Public Private Partnerships in Vietnam – Part 2: The Tendering Process

Posted by Reading Time: 5 minutes

Contruction in VietnamBy: Dezan Shira & Associates
Editor: Ellena Brunetti

Public Private Partnerships (PPP) are a growing and profitable entry point to the Vietnamese market. For firms seeking to tap into these opportunities, several steps must be followed as part of the investment process, including the preparation of a project proposal, its submission, and the tendering process. In part two of Vietnam Briefing’s series on PPPs, we help to shed light on the tendering stage of this process.

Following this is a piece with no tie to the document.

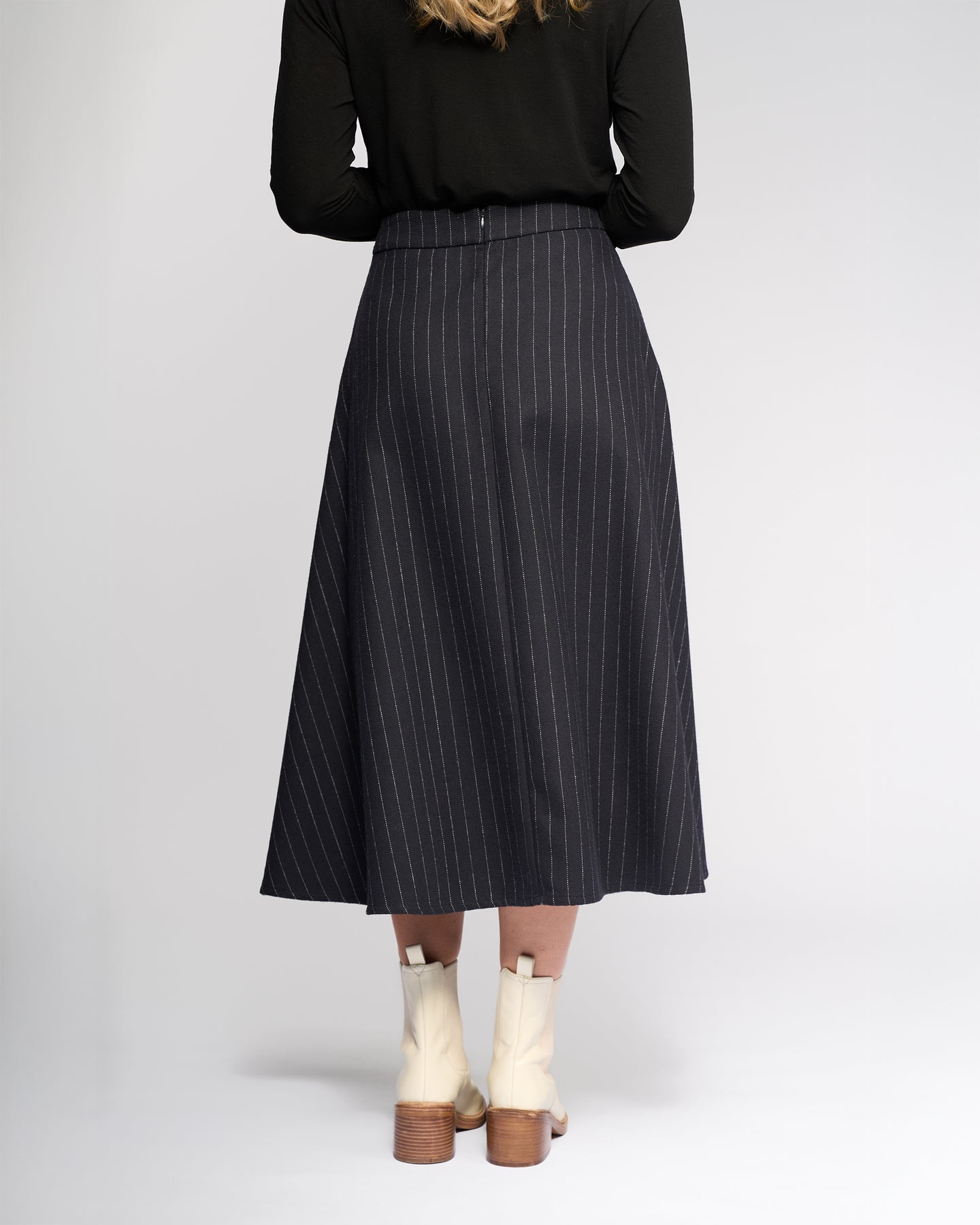 Midi-length skirt in our Ink Stripe fabric — a dark navy base with fine white pinstripes. Made from a warm wool-blend fabric, this style offers a structured yet fluid silhouette with a dressy finish, ideal for cooler months.

In recent years, the procurement law, which was amended in 2014, and its implementing regulations have brought significant changes to existing regulations on the selection of investors for PPPs. While the revision of this legislation has resulted in regulatory uncertainty for current and potential investors, its amendments are largely seen to be in line with international standards regarding public procurement. The adoption of these standards represents great strides for the development of regulatory infrastructure in Vietnam and is set to enhance transparency, efficiency, and competition regarding bidding documents and bidding procedures.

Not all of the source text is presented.